Finatrade Foundation has made available a total of GHC 6,000 this academic year to support 10 needy but brilliant students of the College of Agriculture and Consumer Sciences of the University of Ghana, Legon.
This brings to 126, the total number of such students sponsored by Finatrade under its Foundation Scholarship Scheme, which seeks to ensure adequate and efficient labour force in the country’s agricultural sector.
At a ceremony to present cheques to the beneficiary students at the university on Thursday, Mr. John Awuni, Director of Corporate Affairs, Finatrade Group of Companies, said: “The idea of supporting brilliant but needy students in the four public universities is to solve a problem that we have identified in the agricultural sector.
“We believe that if the country is to feed itself well, there must be adequate and efficient labour force…the supply of fertilizers to farmers is not the only solution to problems in the agricultural sector,” he said, adding “You may have the inputs but you will also require a certain level of knowledge to apply the inputs correctly.”
He said the Foundation would roll out a new scheme to fund research in agriculture for students pursuing Masters Degree programmes, as a way of whipping up interest in the sector and encouraging the pursuit of agriculture as a business rather than a past time.
The Foundation would also support the university to introduce the model farm concept currently being practiced by agric students of the Kwame Nkrumah University of Science and Technology, to enable students of Legon to have a practical feel of what they learn while earning an income from it at the same time.
Mr. Awuni urged students of the college to come up with proposals on agricultural projects to enable Finatrade to support them.
He said the foundation of agriculture in the country was very weak, stressing that, after 50 years, the country should have been able to produce enough to feed itself.
Mr.
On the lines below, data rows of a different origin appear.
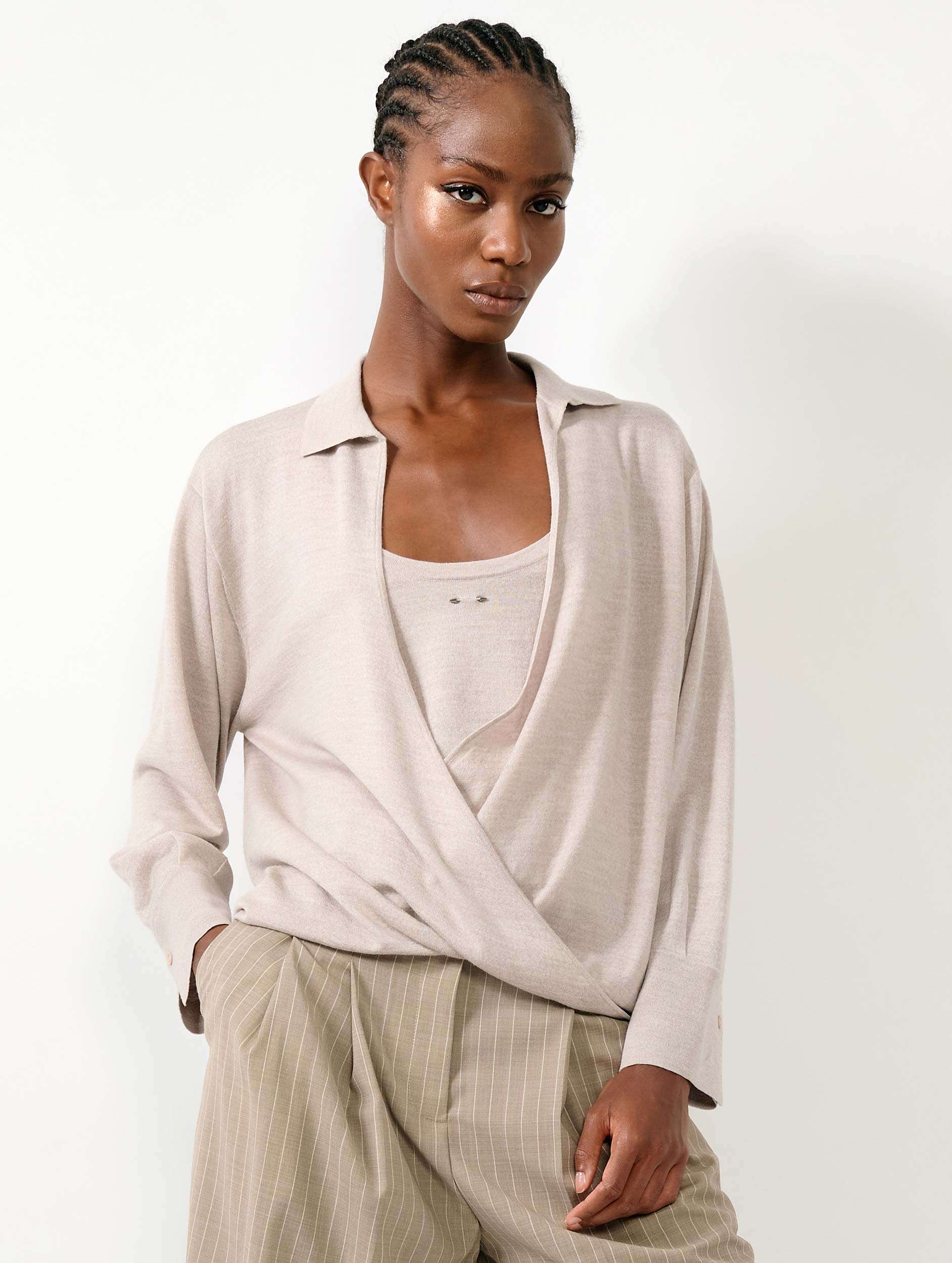 Pull cache-cœur en laine et soie extrafine sableSKU:H4201XXA_41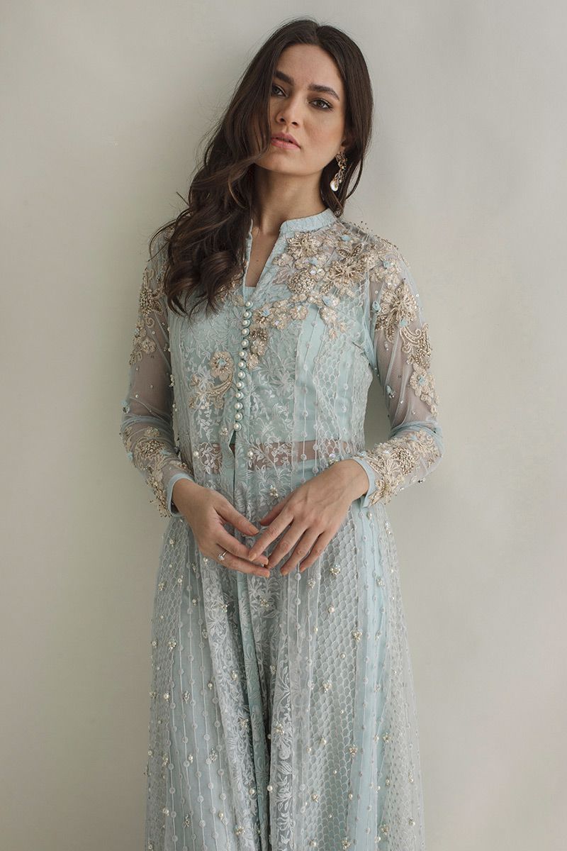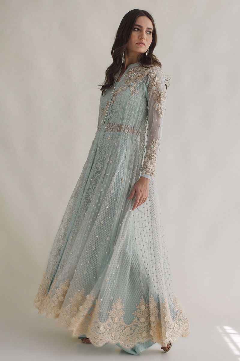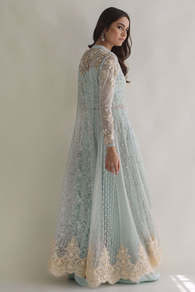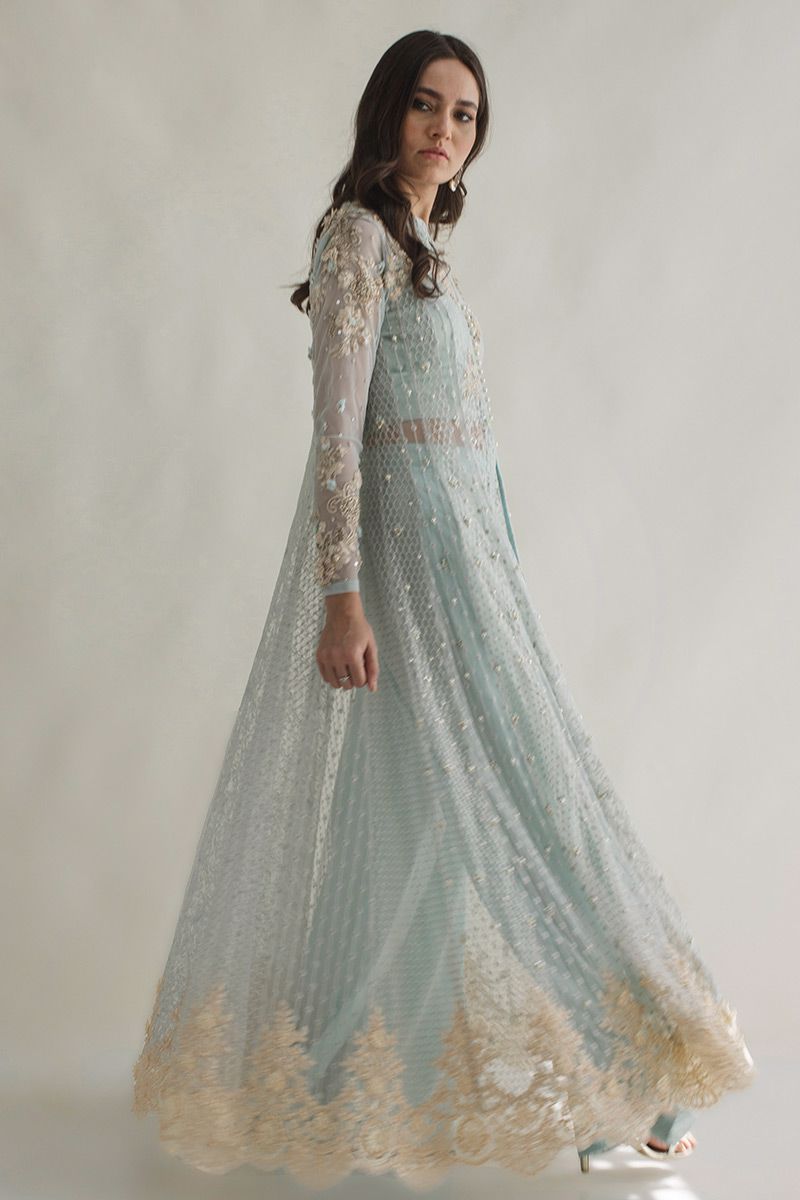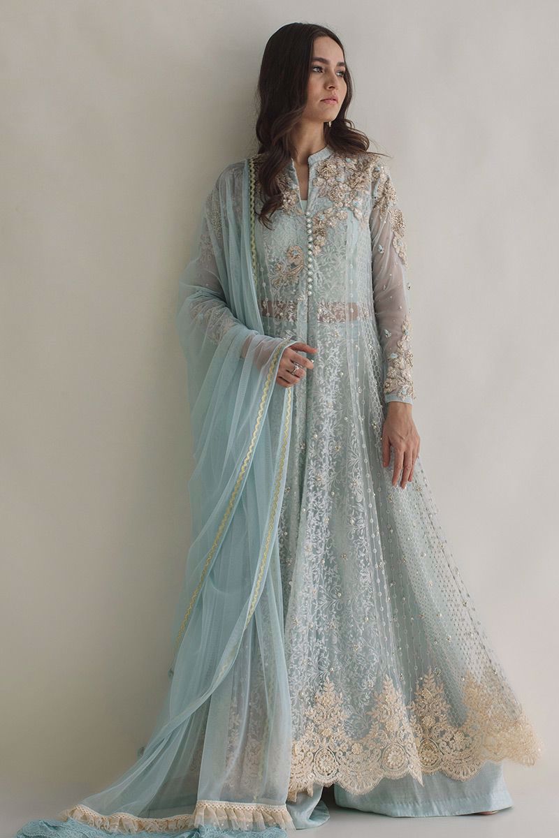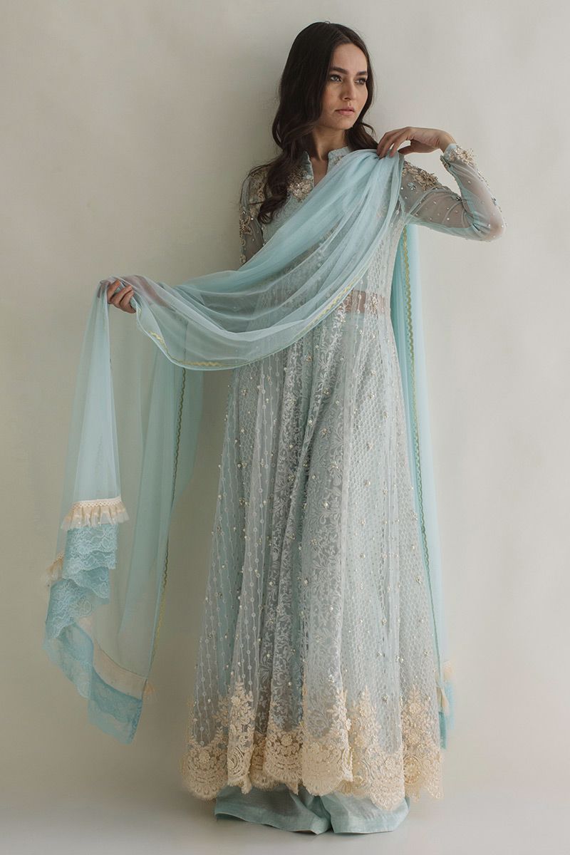 Soothing effect to the eyes, this skylight net kalidar depicts the ice age scenery. A true representation of sparkling ice on the mountains. The self embroided fabric lifts up the 3D embellishments comprising of cutdana, resham, sequins, pearls and net pastels. Same color semi pure pants and fancy net dupatta is paired, to be purchased at additional cost.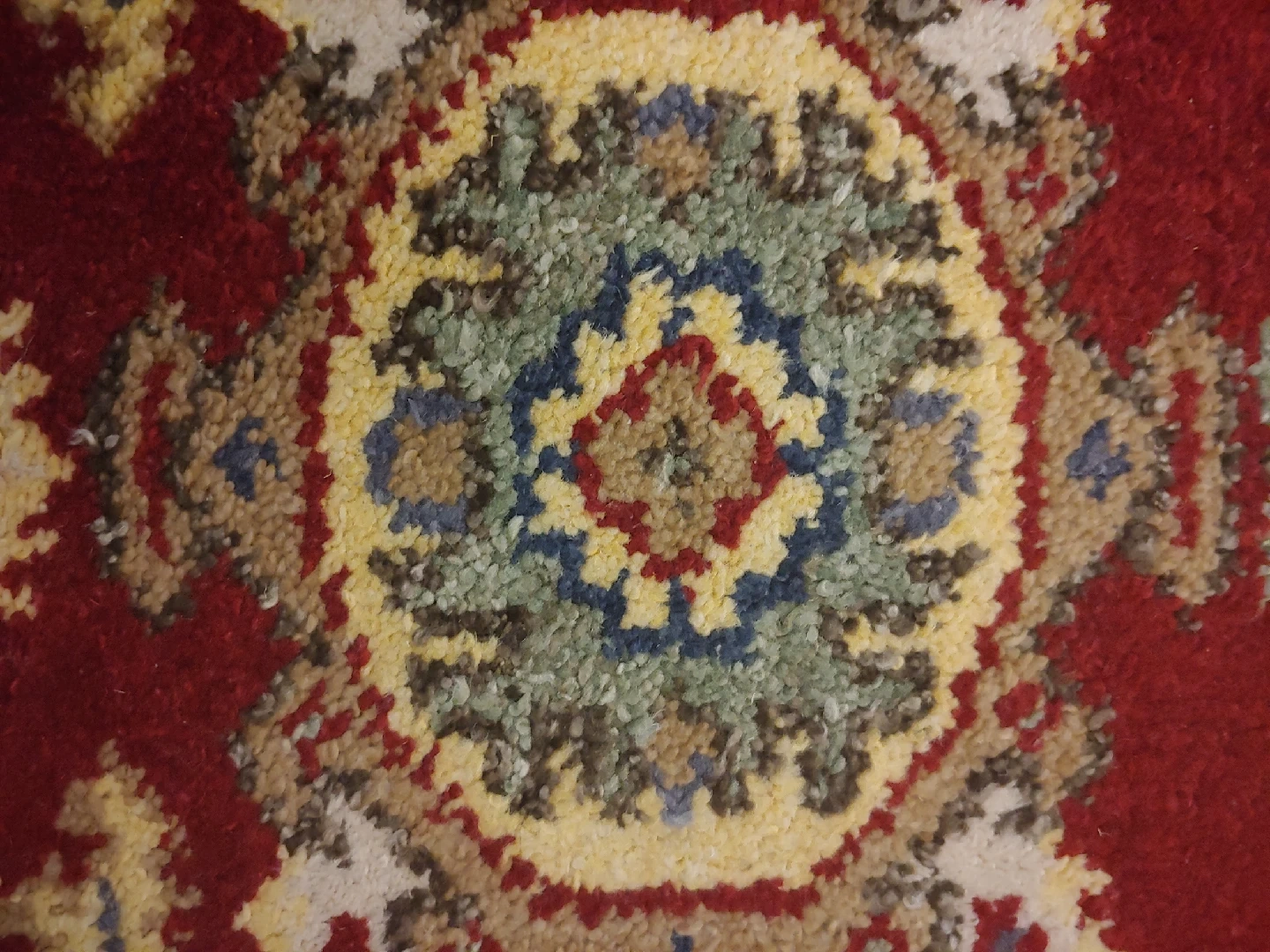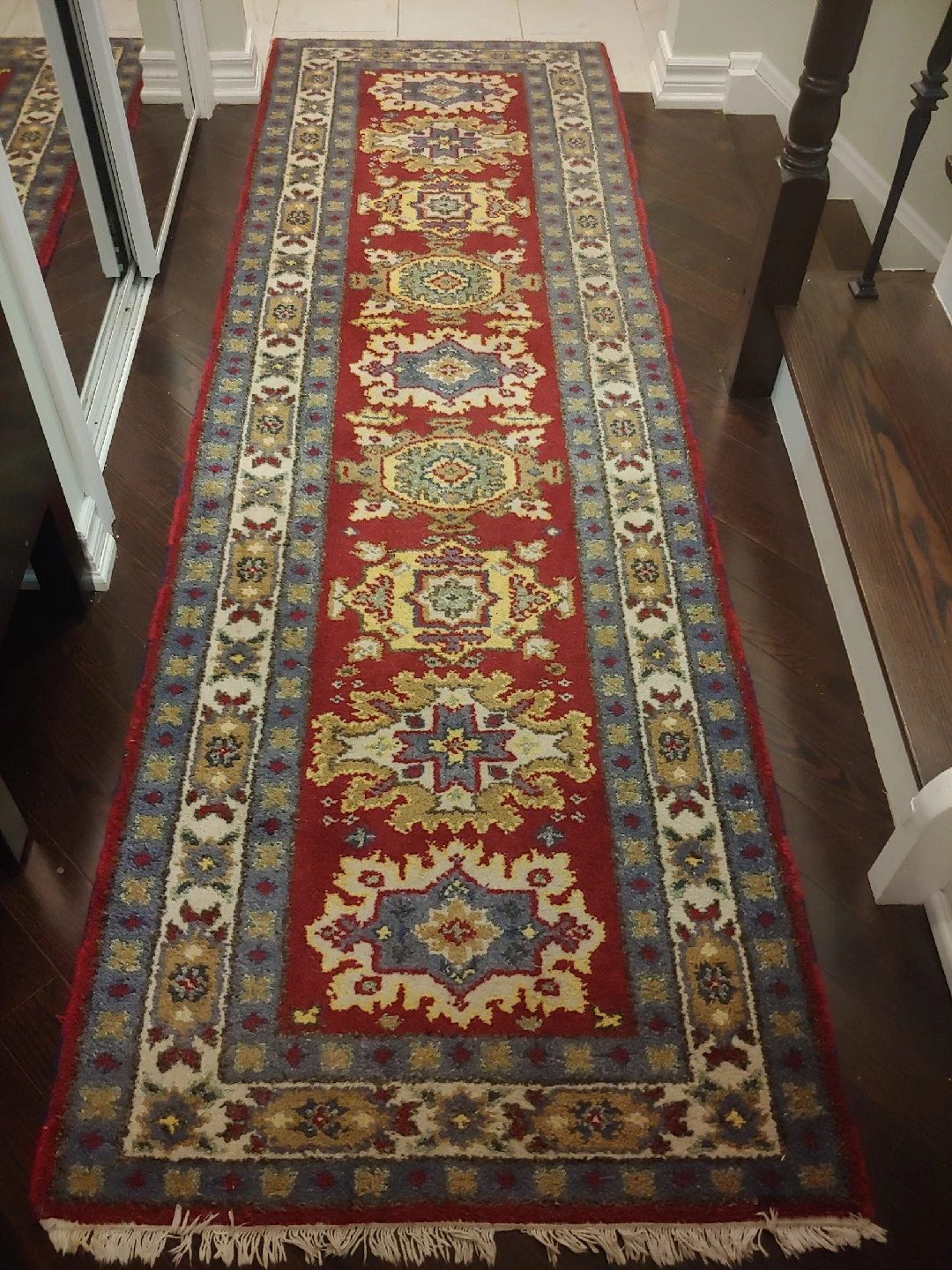 A colourful runner with a red, blue, and beige pattern. It's in very good condition and good quality. I'm not sure what material it is but seems to be wool. it rolls easily. Coming from a smoke free pet free home, no stains, does not shed. I purchased it from home sense for $100. it's about 10 feet long but msg me for exact measurements.

Awuni, who is to be inducted into the College’s Council this year, advised the college and other agricultural institutions against looking up always to the central government for funding of its activities urging it to go into public-private partnerships.
He said the Foundation’s financial support to needy students annually would be increased from GHC 600 per student to GHC 700 per student.
Professor Benjamin Ahunu, Provost of the college, noted that for about six years, Finatrade had been supporting not only agricultural students of the university but students from the three other public universities.